> [RAW DATA]:
..............................
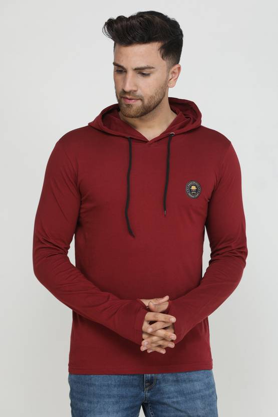 COUNTRY YARD Solid Men Hooded Neck Maroon T-Shirt
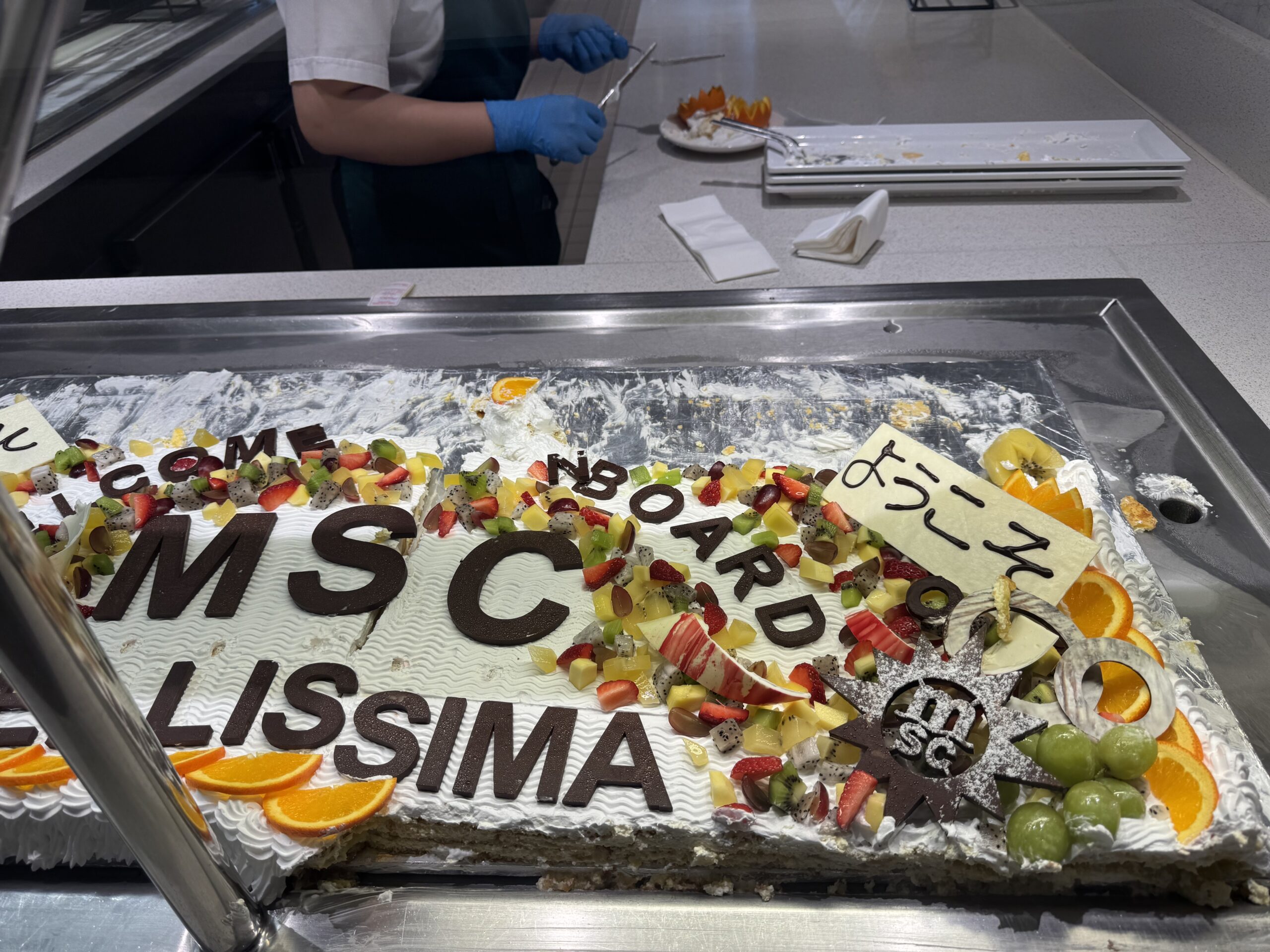 今日は9:50発の電車が5分位遅延しても11:00には乗船出来た。乗船迄は最寄駅→徒歩で東京国際ターミナル→チェックイン(パスポート渡して乗船券提示してクルーズカード受取)→乗船の間が距離も時間も短くてあっという間でびっくりする。しかも船の入り口が船の5階か6階メインフロアだったので去年とは比べ物にならないくらいラクで本当に快適なスタートになる。パパさんのクルーズカードのバーコードがかすれていたのでウェルカムランチを食べている間にパパさんが離席して一瞬で手続き終わって戻ってきた。食事の時は始めは空いていたブッフェがいつの間にか正午過ぎ以降に大混雑して4人がけテーブルを2人で占拠していたのでお隣の席を開けてご夫婦に譲る。仙台から来た初めてのご夫妻でとても素朴で感じのいい人達でおしゃべりしてるとあっという間に席が空いて訓練が始まる時間になってお別れする。訓練前に部屋に行くと何故かパパさんのスーツケースだけ届いていてパパさんがさっさと荷物を片付ける。訓練後に船内を散策してジャパネットのフィギュアと写真を撮り合いっこしたりして部屋に戻って一休みする。私のスーツケースは17:30頃に無事到着。パパさんがシャワー🚿浴びている間に私のスーツケースの荷物を片付けて19:30のディナーまでまたまったり。その後出航セレモニーを見に行く。初めて見たけれど演奏🎶を聞いて「いってらっしゃい」と手を振ってくれる姿を見てちょっと感動する。ディナー🍽️はギリギリに行った。6人用のテーブルで2人は欠席。同席のご夫妻はリピーターさんで私達と同じく2度目のクルーズで去年は函館入港出来なかった時でゲストは歌手の秋川さんと漫談の神田さんだったそう。毎回いろいろ芸能人を手配してくれてびっくり。ディナーの時に前回知り合った方がわざわざ来てくれて久しぶりの再会。ディナーの後でニュージーランドの大道芸人さんのショーを見て就寝。
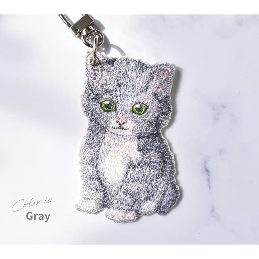 ひとつひとつ丁寧に作られたこねこの刺繍が愛らしいキーチェーン。
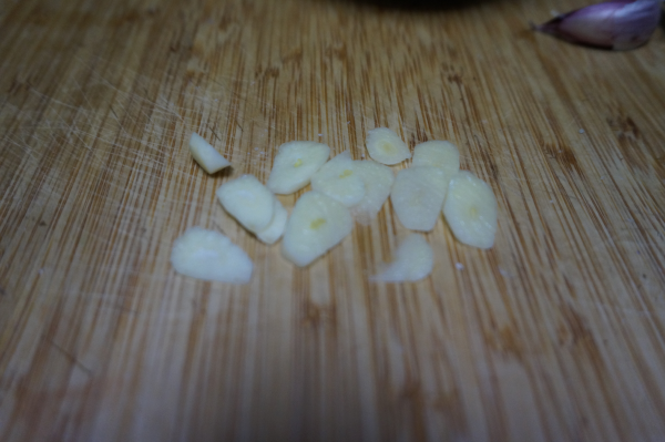 Preparación: Para preparar estas tostadas de angulas sucedáneas con gambas, empezaremos cortando los ajos. Ponemos una sartén al fuego con un chorro de aceite, lo tendremos a fuego medio. Añadimos los ajos laminados.
..............................
> [WORK INSTRUCTIONS]: Write out each line of the data exactly; the images should be left out.

> [ANSWER TO THIS EXERCISE]:
 COUNTRY YARD Solid Men Hooded Neck Maroon T-Shirt
 今日は9:50発の電車が5分位遅延しても11:00には乗船出来た。乗船迄は最寄駅→徒歩で東京国際ターミナル→チェックイン(パスポート渡して乗船券提示してクルーズカード受取)→乗船の間が距離も時間も短くてあっという間でびっくりする。しかも船の入り口が船の5階か6階メインフロアだったので去年とは比べ物にならないくらいラクで本当に快適なスタートになる。パパさんのクルーズカードのバーコードがかすれていたのでウェルカムランチを食べている間にパパさんが離席して一瞬で手続き終わって戻ってきた。食事の時は始めは空いていたブッフェがいつの間にか正午過ぎ以降に大混雑して4人がけテーブルを2人で占拠していたのでお隣の席を開けてご夫婦に譲る。仙台から来た初めてのご夫妻でとても素朴で感じのいい人達でおしゃべりしてるとあっという間に席が空いて訓練が始まる時間になってお別れする。訓練前に部屋に行くと何故かパパさんのスーツケースだけ届いていてパパさんがさっさと荷物を片付ける。訓練後に船内を散策してジャパネットのフィギュアと写真を撮り合いっこしたりして部屋に戻って一休みする。私のスーツケースは17:30頃に無事到着。パパさんがシャワー🚿浴びている間に私のスーツケースの荷物を片付けて19:30のディナーまでまたまったり。その後出航セレモニーを見に行く。初めて見たけれど演奏🎶を聞いて「いってらっしゃい」と手を振ってくれる姿を見てちょっと感動する。ディナー🍽️はギリギリに行った。6人用のテーブルで2人は欠席。同席のご夫妻はリピーターさんで私達と同じく2度目のクルーズで去年は函館入港出来なかった時でゲストは歌手の秋川さんと漫談の神田さんだったそう。毎回いろいろ芸能人を手配してくれてびっくり。ディナーの時に前回知り合った方がわざわざ来てくれて久しぶりの再会。ディナーの後でニュージーランドの大道芸人さんのショーを見て就寝。
 ひとつひとつ丁寧に作られたこねこの刺繍が愛らしいキーチェーン。
 Preparación: Para preparar estas tostadas de angulas sucedáneas con gambas, empezaremos cortando los ajos. Ponemos una sartén al fuego con un chorro de aceite, lo tendremos a fuego medio. Añadimos los ajos laminados.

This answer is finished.